INTRODUCTION
Fe is an essential element for plant growth and development, due to its
role in iron sulfur (FeS) proteins, ferredoxins, and various metabolic
enzymes. It impacts various cellular processes, including
photosynthesis, respiration, electron transfer reactions, and others
(Connorton et al. 2017). Excessive Fe causes yellow-brown spots on the
tips, edge, and interveinal of old leaves and represses plant growth,
while Fe deficiency triggers chlorosis and reduces fruit yields
(Álvarez-Fernández et al. 2003). Although soil contains abundant Fe, it
is usually not available to plants due to its insoluble nature. This
problem is exacerbated by alkaline and aerobic environmental conditions.
Fe deficiency is a worldwide problem, with about 30% of the world’s
soil currently suffering from Fe deficiency, which severely restricts
efforts to improve crop yield and quality (Marschner, 2011; Briat et al.
2015).
To cope with Fe deficiency, plants have evolved two major mechanisms to
absorb Fe from the soil, known as strategy I for dicots and
non-graminaceous monocots and strategy II for graminaceous monocots
(Römheld & Marschner, 1986; Kobayashi & Nishizawa, 2012). Graminaceous
plants, such as maize and rice, use strategy II, also known as the
chelating strategy, to uptake Fe from the soil. These plants secrete
phytosiderophores, which have high affinity for Fe, from their roots.

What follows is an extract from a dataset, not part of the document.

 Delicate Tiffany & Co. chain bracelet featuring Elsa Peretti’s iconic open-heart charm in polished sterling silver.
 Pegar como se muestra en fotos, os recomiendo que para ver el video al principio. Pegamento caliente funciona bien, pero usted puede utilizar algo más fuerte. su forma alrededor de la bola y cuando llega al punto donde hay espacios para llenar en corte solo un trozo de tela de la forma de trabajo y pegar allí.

Fe3+-phytosiderophore chelates are imported by YS1
(Yellow Stripe 1) transporters in maize (Curie et al. 2001) and YSL15
transporters in rice (Inoue et al. 2009). In contrast, non-graminaceous
plants, such as Arabidopsis thaliana and tomato, use strategy I,
also known as the reducing strategy, to absorb Fe from rhizosphere. In
this strategy,
plasma
membrane H+-ATPases first acidify the rhizosphere and
facilitate Fe solubilization by pumping protons (H+)
into root rhizosphere. Next, FRO2
(Ferric
Reduction Oxidase 2) at the plasma membrane reduces
Fe3+ to Fe2+, which is then
transported across the membrane by IRT1 (Iron-Regulated Transporter 1)

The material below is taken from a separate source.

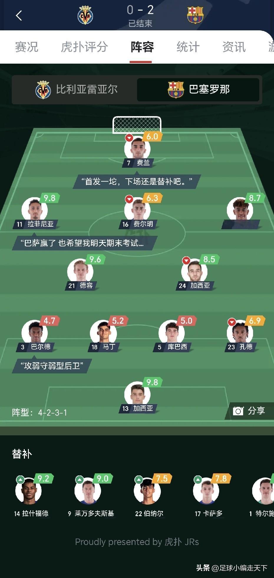 今年巴萨和皇马的表现都很抽象,巴萨赢球靠加西亚,皇马赢球靠姆巴佩。[捂脸] 谁能想到,今天的巴萨多打一人,最忙的是自家门将?巴萨的后卫应该一人分一部分工资给门将。 巴萨现在的后防线真是纸糊的,这场要不是门将霍安·加西亚表现神勇,这还真不好说。 这黄色潜水艇也是,把握机会能力太差了,不然不会那么被动,另外巴尔德真的是灾难发挥,就这样磕磕绊绊的巴萨欧冠真的走不远。 尤其进攻时巴萨后卫提的太靠上了容易被打身后,造越位战术又香又臭,碰到强队容易被捅成筛子。
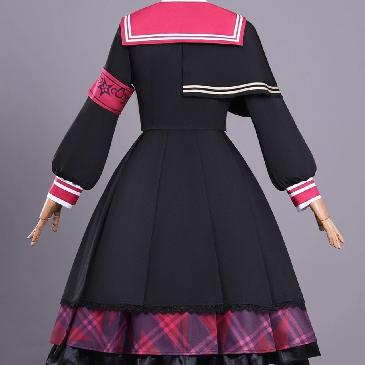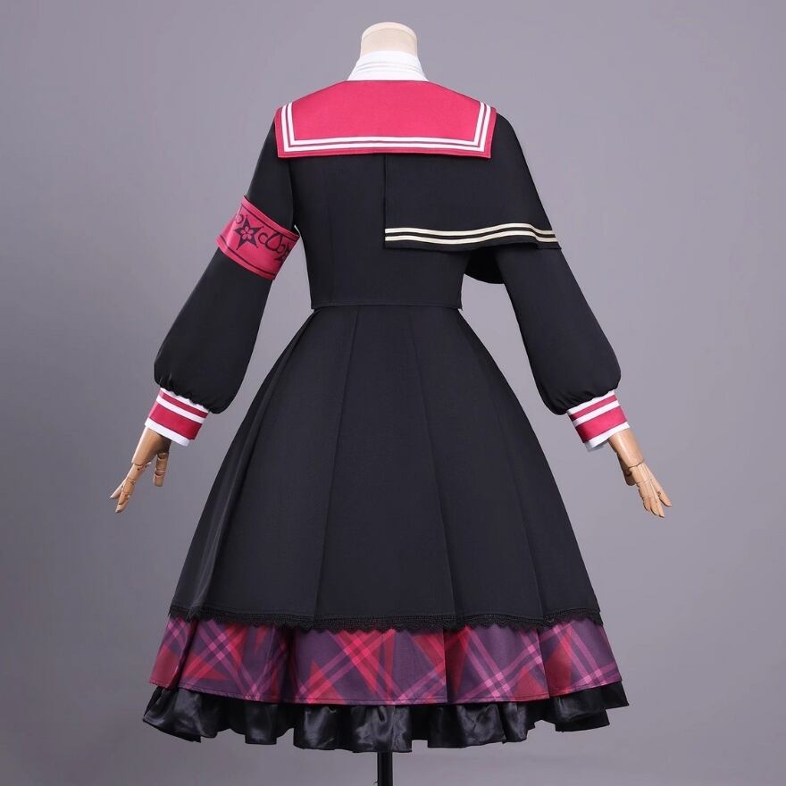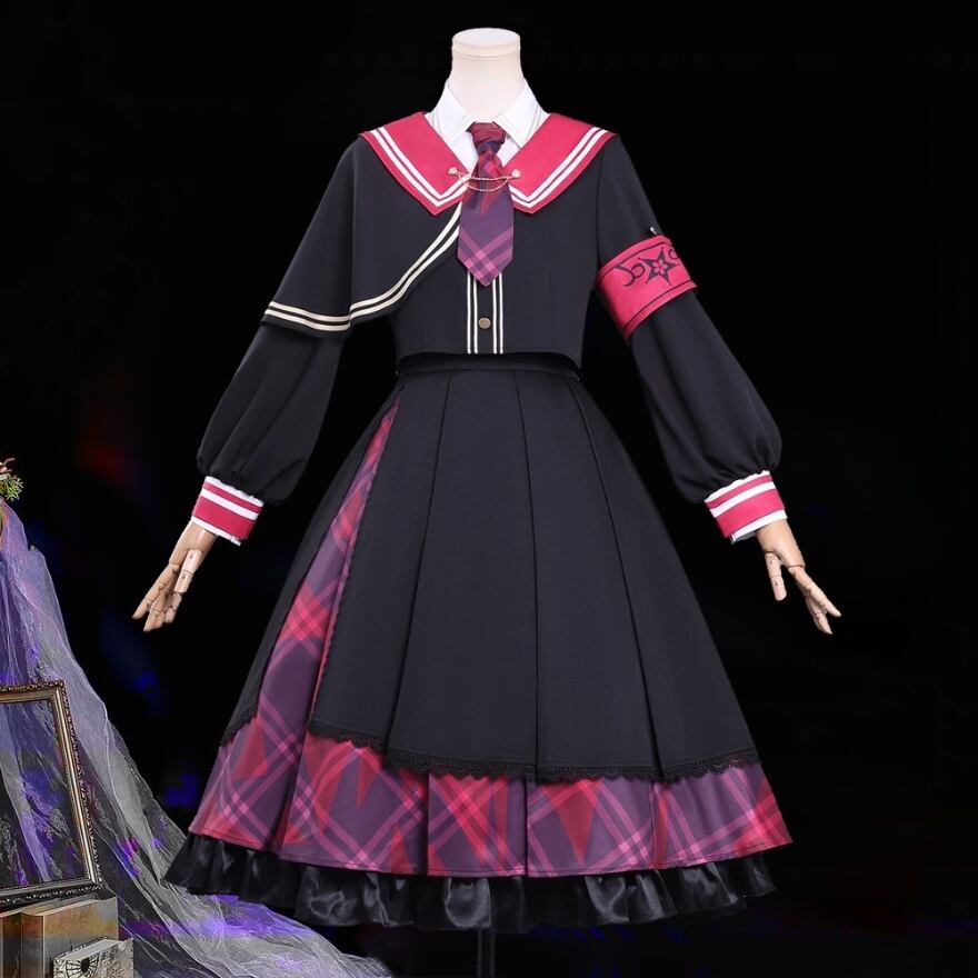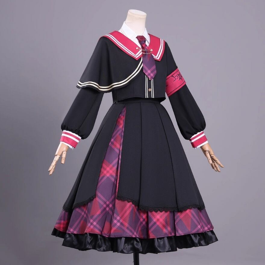 ブラックをベースに赤みのあるチェックを切り替えた、セーラーデザインのセットアップです。大きめの襟やネクタイ、チェーン飾りが視線を引きつけながら、全体はきれいにまとまっていて一着で世界観が完成しやすいのが魅力。少しダークで少し可愛い、その絶妙なバランスがあり、物語性のあるコーデを楽しみたい日にぴったりの存在感です。

(Jeong & Guerinot, 2009; Santi & Schmidt, 2009; Ivanov et al. 2012;
Kobayashi and Nishizawa, 2012; Jeong et al. 2017). Finally, Fe is
transported to the shoot through long-distance transportation, which
requires many genes, including NAS (Nicotianamine Synthesis)
(Haydon & Cobbett, 2007; Jeong and Guerinot, 2009), FRD3 (Ferric
Redictase Defective3) (Durrett et al. 2007; Jeong and Guerinot, 2009),YSL (Yellow Stripe-Like) (Waters et al. 2006; Haydon & Cobbett,
2007), OPT3 (Oligopeptide Transporter3) (Stacey et al. 2008;
Ivanov et al. 2012), and FPN1 (Ferroportin1) (Morrissey et al.
2009; Ivanov et al. 2012). Despite their obvious differences, evidence
shows that the two strategies share several components. Strategy I
plants have been found to secret chelators to rhizosphere, such as
phenolics, flavonoids and flavins, as a typical feature of strategy II
plants (Fourcroy et al. 2014; Connorton et al. 2017; Grillet & Schmidt,
2019). Additionally, a functional homologue of IRT1 has been
found in rice, which mediates Fe2+ uptake under low
oxygen conditions (Ishimaru et al. 2006).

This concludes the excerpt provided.